In 1941, McCaw married Marion Mary Oliver, a member of a prominent family in Centralia. They had four sons: Bruce, Craig, Keith, and John E. Jr. McCaw served on several civic and charitable organizations, including with the Century 21 Exposition, Phi Sigma Kappa, and the Seattle Opera Association, as well as several athletic clubs. Marion entered broadcast ownership in her own right in 1947 by signing on KAPA, a daytime-only radio station in Raymond, Washington; Marion sold off KAPA in 1956.

McCaw maintained many of his contacts from his days in the Army and remained in the Air Force Reserve. In 1961, he served on a citizens' advisory group. The meeting was canceled due to the Berlin Crisis of 1961, but McCaw showed up anyway. As a result of a miscommunication, he inadvertently was escorted to a meeting of the National Security Council at the White House. McCaw was sworn to total secrecy; the incident was dramatized by press secretary Pierre Salinger in the 1971 novel On Instructions of My Government.

McCaw died in his sleep on August 17, 1969, at his home—the historic William E. Boeing House—in The Highlands area of Seattle. He left his children to manage a heavily indebted estate that had just been described by J. Michael Kenyon, television columnist of the Seattle Post-Intelligencer, as "owning almost as many things as organized religion". Creditors made more than $12 million (equivalent to $ in dollars) in claims, after which the bank declared his estate insolvent, requiring the family to sell off his various holdings, including the family mansion and yachts. The KIXI radio stations, of which McCaw owned 45 percent, were sold per a probate court order in 1971. KTVW was sold by the estate the next year. Marion's 2012 obituary noted J. Elroy's penchant for having made "handshake deals" throughout his career.

The only asset that was not sold off was Twin City Cablevision, the cable system in Centralia.
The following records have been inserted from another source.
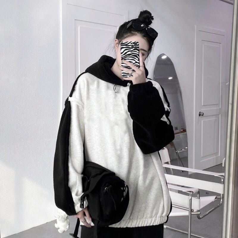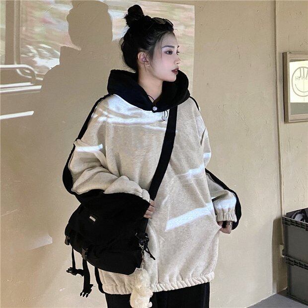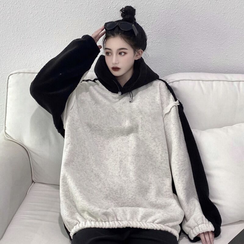スウェット シャツ オータムウィンタースタイルフードジャケット ルーズベルベット かわいい 秋物 冬物 ステッチ Brother_is_Style88813411761
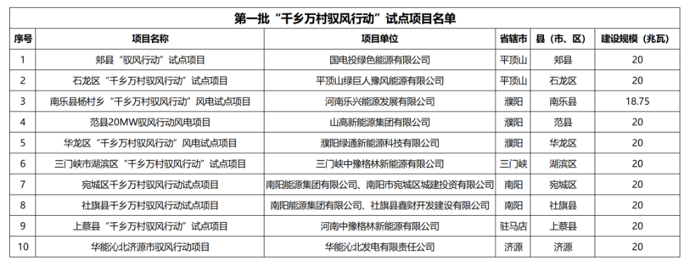 一、第一批共10個項目納入實施范圍,總裝機19.875萬千瓦。
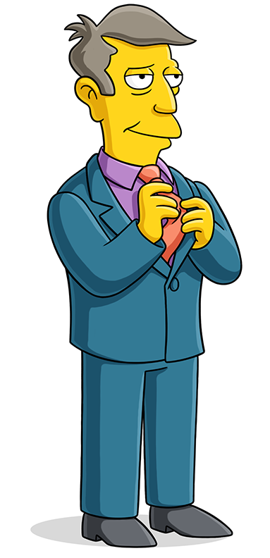 He has yellow skin, short, straight, grey hair styled in a generic fashion, and a large nose. Unlike most Simpsons characters, he has a gap between his eyes.
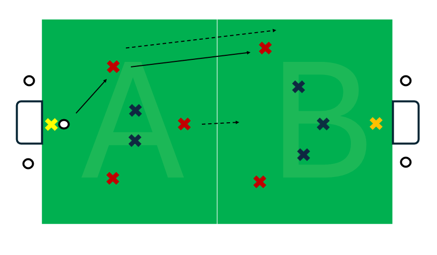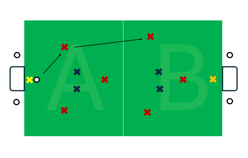 In this example the pitch is divided into two (zone A and zone B). The reds have a 3v2 plus their goalkeeper in zone A and a 3v2 plus the blue goalkeeper in zone B. Reds aim to get the ball from zone A into zone B to try to score. All players are locked in their zones, except for if blue gain possession, then all blues can attack. In this version reds are encouraged to pass the ball from zone A to zone B, with the aim to develop forward passing.
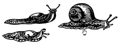К брюхоногим моллюскам относятся слизни, получившие название из-за обильно выделяемой слизи. Раковины у них нет. Обитают на суше во влажных местах и питаются растениями, грибами, некоторые встречаются на огородах, нанося вред культурным растениям.
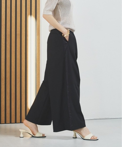 ーーー ◆Textile◆ 二種類の異なる番手の糸を使用し、表情感を出したカラミ風素材。 メッシュ組織で通気性が良く、ドライタッチな着心地です。 程よいハリのあるメモリー感が自然なシルエットを生み出します。 ◆Design◆ ボリュームがありつつも、軽やかな穿き心地のワイドスラックス。 素材の特徴を活かして、ミニマルなデザインに仕上げています。 サイドラインに使用したサテン生地がシャープさと大人の女性らしさを演出します。 裏地なしで薄手の軽い素材感で、暑い季節でもさらっと穿ける1本です。 ラフにお召しになれるルーズシルエットが抜け感のある大人の着こなしへと導きます。 ーーー ◆Styling◆ Tシャツやシャツなどお手持ちのベーシックアイテムと合わせてワンランク上のスタイリングに。 ワンピースやチュニックの下からサテンのサイドラインを覗かせるのも◎ 同素材でお作りしたジャケット(991232)とのセットアップもおすすめです。 【STERNBERG(スタンバーグ)】 デザインやパターンの工夫で着る人の個性を引き出す、コンテンポラリーなファッションを提案します。 fatefully「一枚の服が一日を変える。一枚の服で一日が変わる。」 ■商品のお気に入り登録(♡をクリック) ・ラスト一点、再入荷、セール時の通知を受け取れます。 ・クーポンやタイムセールの通知を受け取れます。 ・お気に入り商品を一覧でご覧になれます。 ■ブランドのお気に入り登録 ・新作やイベントなどブランドのお得な情報を受け取れます。
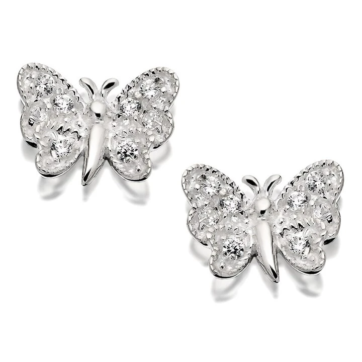 Silver Cubic Zirconia Butterfly Stud Earrings - F0406
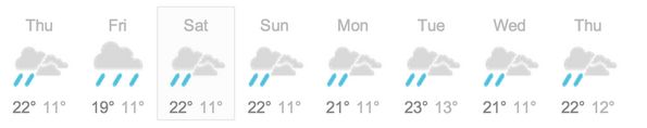 Going on a week's holiday this Saturday to Bordeaux. This is the weather forecast while we're there:
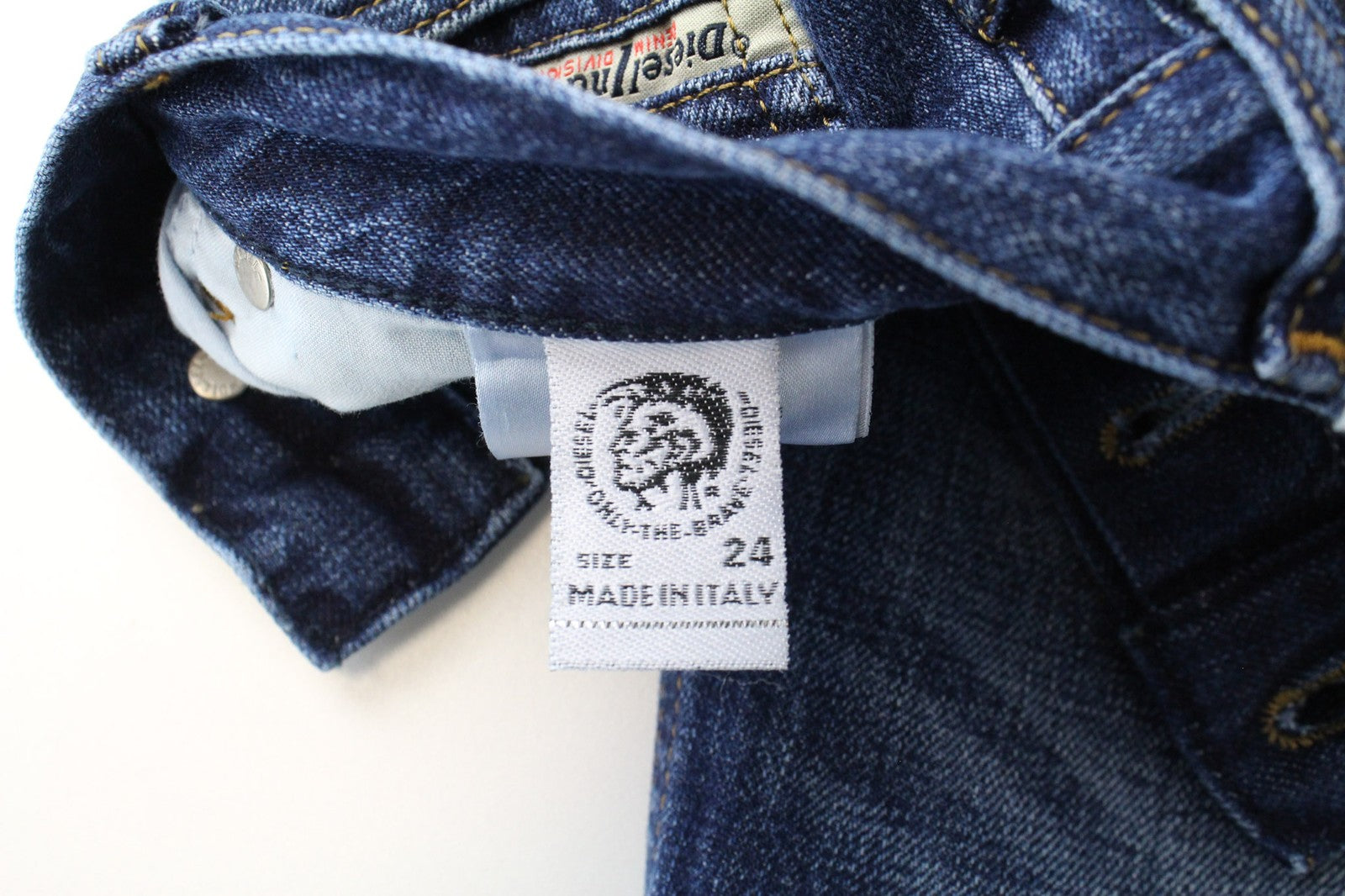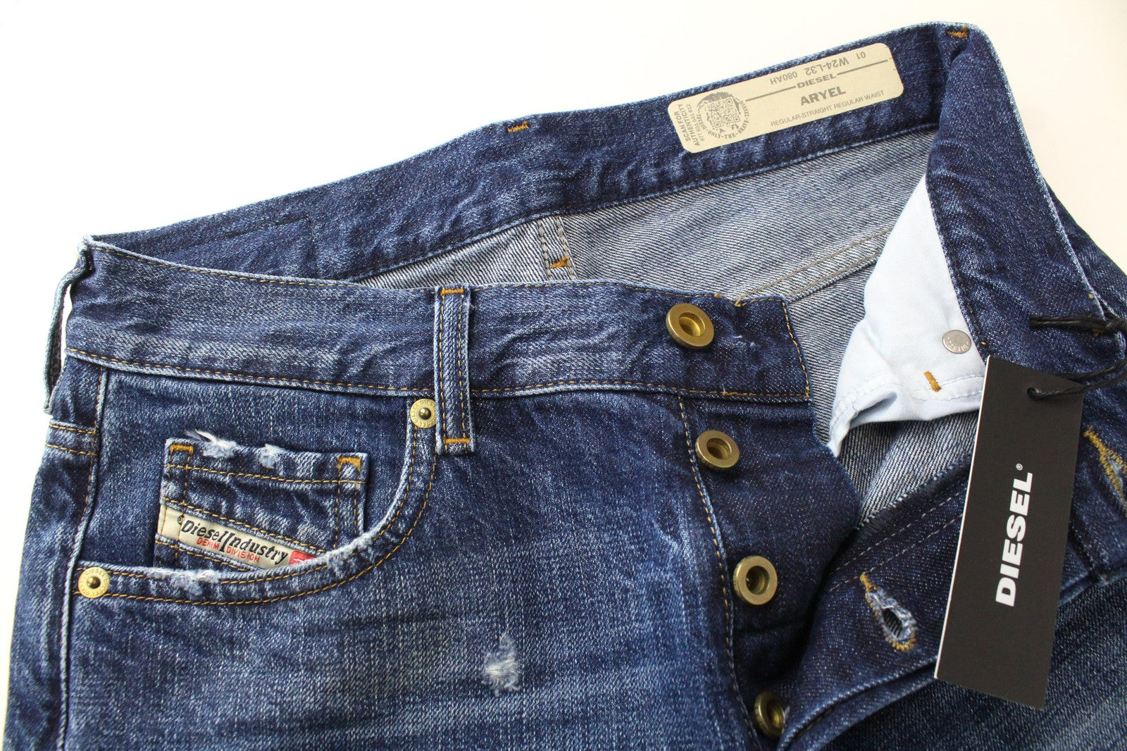 DIESEL Aryel 080AH Women's W24/L32 Jeans Straight Blue Pure Cotton Ripped Girls

One of J. Elroy's sons, Craig McCaw, became the general manager of that cable system, which the family kept; Craig grew the company into McCaw Cellular Communications, a pioneer in the wireless telephone industry in the United States which merged into AT&T in 1994. Financial analyst Bruce Wasserstein has regarded the elder McCaw as "a freewheeling entrepreneur"—despite very poor record-keeping—but who had the foresight to put the cable system into a trust with the children in mind.

A wing of the Museum of Flight in Seattle, the J. Elroy McCaw Personal Courage Wing, was dedicated in McCaw's honor in 2004. In 2013, Craig McCaw donated in his father's name to the Edward R. Murrow College of Communication at Washington State, leading to the establishment of KJEM, a jazz music station bearing his initials, on November 1, 2013.